Benefits of a synbiotic formula (Synbiotic 2000Forte) in critically Ill trauma patients: early results of a randomized controlled trial.
Kotzampassi, K, Giamarellos-Bourboulis, EJ, Voudouris, A, Kazamias, P, Eleftheriadis, E
World journal of surgery. 2006;(10):1848-55
Abstract
BACKGROUND Since probiotics are considered to exert beneficial health effects by enhancing the host's immune response, we investigated the benefits of a synbiotics treatment on the rate of infections, systemic inflammatory response syndrome (SIRS), severe sepsis, and mortality in critically ill, mechanically ventilated, multiple trauma patients. Length of stay in the intensive care unit (ICU) and number of days under mechanical ventilation were also evaluated. METHOD Sixty-five patients were randomized to receive once daily for 15 days a synbiotic formula (Synbiotic 2000Forte, Medipharm, Sweden) or maltodextrin as placebo. The synbiotic preparation consisted of a combination of four probiotics (10(11) CFU each): Pediococcus pentosaceus 5-33:3, Leuconostoc mesenteroides 32-77:1, L. paracasei ssp. paracasei 19; and L. plantarum 2,362; and inulin, oat bran, pectin, and resistant starch as prebiotics. Infections, septic complications, mortality, days under ventilatory support, and days of stay in ICU were recorded. RESULTS Synbiotic-treated patients exhibited a significantly reduced rate of infections (P = 0.01), SIRS, severe sepsis (P = 0.02), and mortality.
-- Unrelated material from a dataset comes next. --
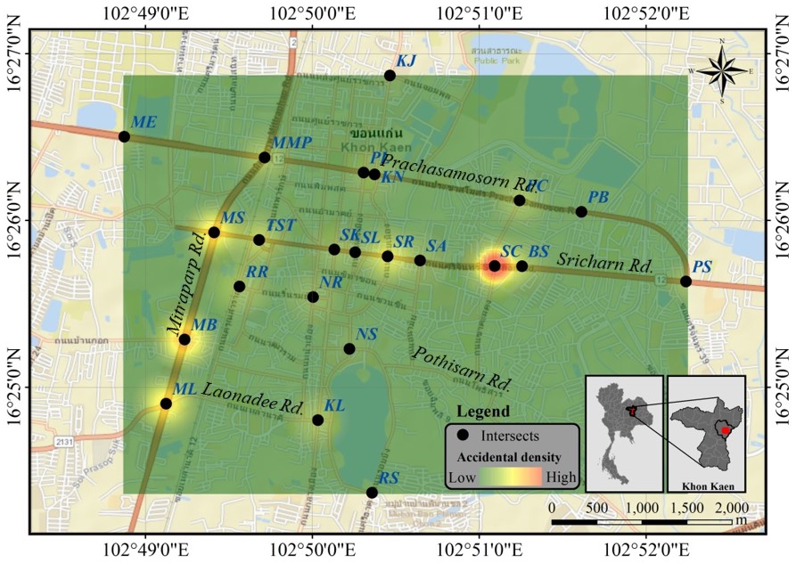 Road traffic accidents pose a significant public health and safety concern globally, with developing countries like Thailand experiencing a particularly high burden [4]. Despite efforts to improve road safety measures, Thailand continues to grapple with a concerning rate of accidents, especially at junctions. These intersections, where multiple streams of traffic converge, present complex traffic dynamics and a heightened risk of collisions. Thailand's road traffic accident situation reflects broader challenges associated with rapid urbanization, motorization, and infrastructure development [5]. The country's bustling urban centers, such as Khon Kaen Province, witness heavy traffic volumes and intricate road networks, amplifying the likelihood of accidents, particularly at junctions. Khon Kaen Province, situated in northeastern Thailand, serves as a microcosm of the nation's road safety concerns [6]. Its expanding urban areas, coupled with the interplay of various transportation modes, contribute to a dynamic traffic environment prone to accidents, especially at junctions. Investigating accidents at junctions is crucial for several reasons:

Days of stay in the ICU (P = 0.01) and days under mechanical ventilation were also significantly reduced in relation to placebo (P = 0.001). CONCLUSION The administration of this synbiotic formula in critically ill, mechanically ventilated, multiple trauma patients seems to exert beneficial effects in respect to infection and sepsis rates and to improve the patient's response, thus reducing the duration of ventilatory support and intensive care treatment.